To make up the difference, cosmologists have posited two mysterious, invisible, and as yet unidentified ingredients: dark matter and dark energy, a double budget deficit that makes many scientists uncomfortable. Einstein also failed to deliver an all-encompassing theory of “quantum gravity” — one that reconciled the laws of gravity observed on the scale of stars and galaxies with the laws of quantum mechanics, the branch of physics that explains the behavior of particles in the subatomic realm.

While other scientists tread softly around the edges of Einstein’s theory, hoping to tweak it into compliance, Barbour and a growing cadre of collaborators see a need for a bold march forward. They aim to demolish the space-time fabric that stands as Einstein’s legacy and remap the universe without it. This new cosmic code could eliminate the need to invoke dark matter and dark energy. Even more exciting, it could also open the door to the theory of quantum gravity that Einstein was never able to derive. If Barbour is right, some of the most fundamental things cosmologists think they know about the origin and evolution of the universe would have to be revised.

“We have radically reformulated Einstein in a different light that might be valuable for understanding cosmology and quantum gravity,” Barbour says. “It is a very ambitious hope that it could play such a role.”

Barbour’s penchant for mapping space and time is apparent even before we meet. His home, College Farm, is hidden away some 20 miles from the nearest city of note, Oxford. Knowing that visitors often struggle to find the 17th-century farmhouse, he has sent two sets of directions.

The first includes detailed instructions for navigating through the village’s rolling hills along sunken roads, passing thatched cottages, the local Duck on the Pond pub, and the ancient church near his home. Those directions might have served equally well for locating Barbour’s house at the time it was built in 1659, a few decades before another English physicist, Isaac Newton, wrote his Principia, setting down the ideas about motion and gravity that dominated physics for almost three centuries.

In one respect Barbour has spent 40 years faithfully preserving Newton’s universe, meticulously restoring the farmhouse’s period features. He proudly shows me that each window frame is adorned with a small metal animal figure — a lion, a stag, a cockerel, and the flying horse Pegasus. The lion is Barbour’s favorite because it is original; the rest he had specially made based on designs seen in other buildings of the same era in the village. He taps the sturdy stone wall surrounding the window. “These were here 350 years before us and our modern conceptions of physics,” he tells me, “and chances are they’ll still be standing 350 years after we’ve gone.”

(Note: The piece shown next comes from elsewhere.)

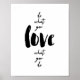Haz lo que amas.... Me encanta lo que haces - ¡grandes palabras para vivir! El aspecto con letras de mano con una mezcla divertida de tipografía le da un toque contemporáneo. Esquema clásico de color negro sobre blanco.

By contrast, the second set of directions for finding Barbour’s farmhouse — GPS coordinates — work only in the modern, post-Einstein reality. The satellite navigation system pinpoints positions on Earth to within 10 meters (30 feet) in a matter of seconds by comparing the timing of signals received from a number of satellites at known locations above the globe. The system works with such stunning accuracy because it compensates for the fact that clocks on fast-orbiting satellites run at different rates from those on the ground. The fact that gravity and motion affect the flow of time was discovered by Einstein as a core element of his theory of relativity.